* _Material for this exercise_:
+++

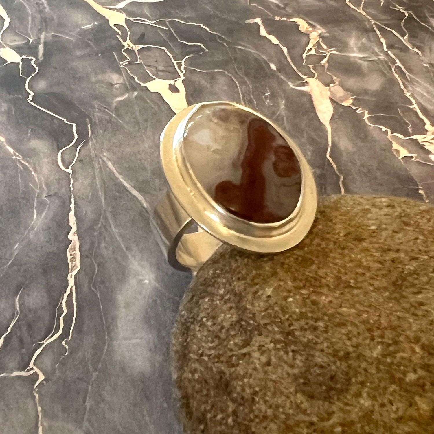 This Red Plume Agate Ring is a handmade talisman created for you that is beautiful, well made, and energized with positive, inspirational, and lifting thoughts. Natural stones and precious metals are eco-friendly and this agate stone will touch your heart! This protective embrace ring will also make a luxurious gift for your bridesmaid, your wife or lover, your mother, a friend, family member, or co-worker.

+++

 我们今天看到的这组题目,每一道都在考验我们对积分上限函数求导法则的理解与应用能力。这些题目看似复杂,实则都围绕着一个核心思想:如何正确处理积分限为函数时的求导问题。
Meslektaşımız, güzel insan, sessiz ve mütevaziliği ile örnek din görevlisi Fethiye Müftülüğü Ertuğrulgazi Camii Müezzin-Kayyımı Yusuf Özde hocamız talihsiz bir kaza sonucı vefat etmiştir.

+++

* _Your instructions_: Begin with the line that has "我们今天看到的这组题目,每一" in the listing above and end after the line that has "Meslektaşımız, güzel insan, sessiz"; output those lines exactly.

* _Solution below_:
 我们今天看到的这组题目,每一道都在考验我们对积分上限函数求导法则的理解与应用能力。这些题目看似复杂,实则都围绕着一个核心思想:如何正确处理积分限为函数时的求导问题。
Meslektaşımız, güzel insan, sessiz ve mütevaziliği ile örnek din görevlisi Fethiye Müftülüğü Ertuğrulgazi Camii Müezzin-Kayyımı Yusuf Özde hocamız talihsiz bir kaza sonucı vefat etmiştir.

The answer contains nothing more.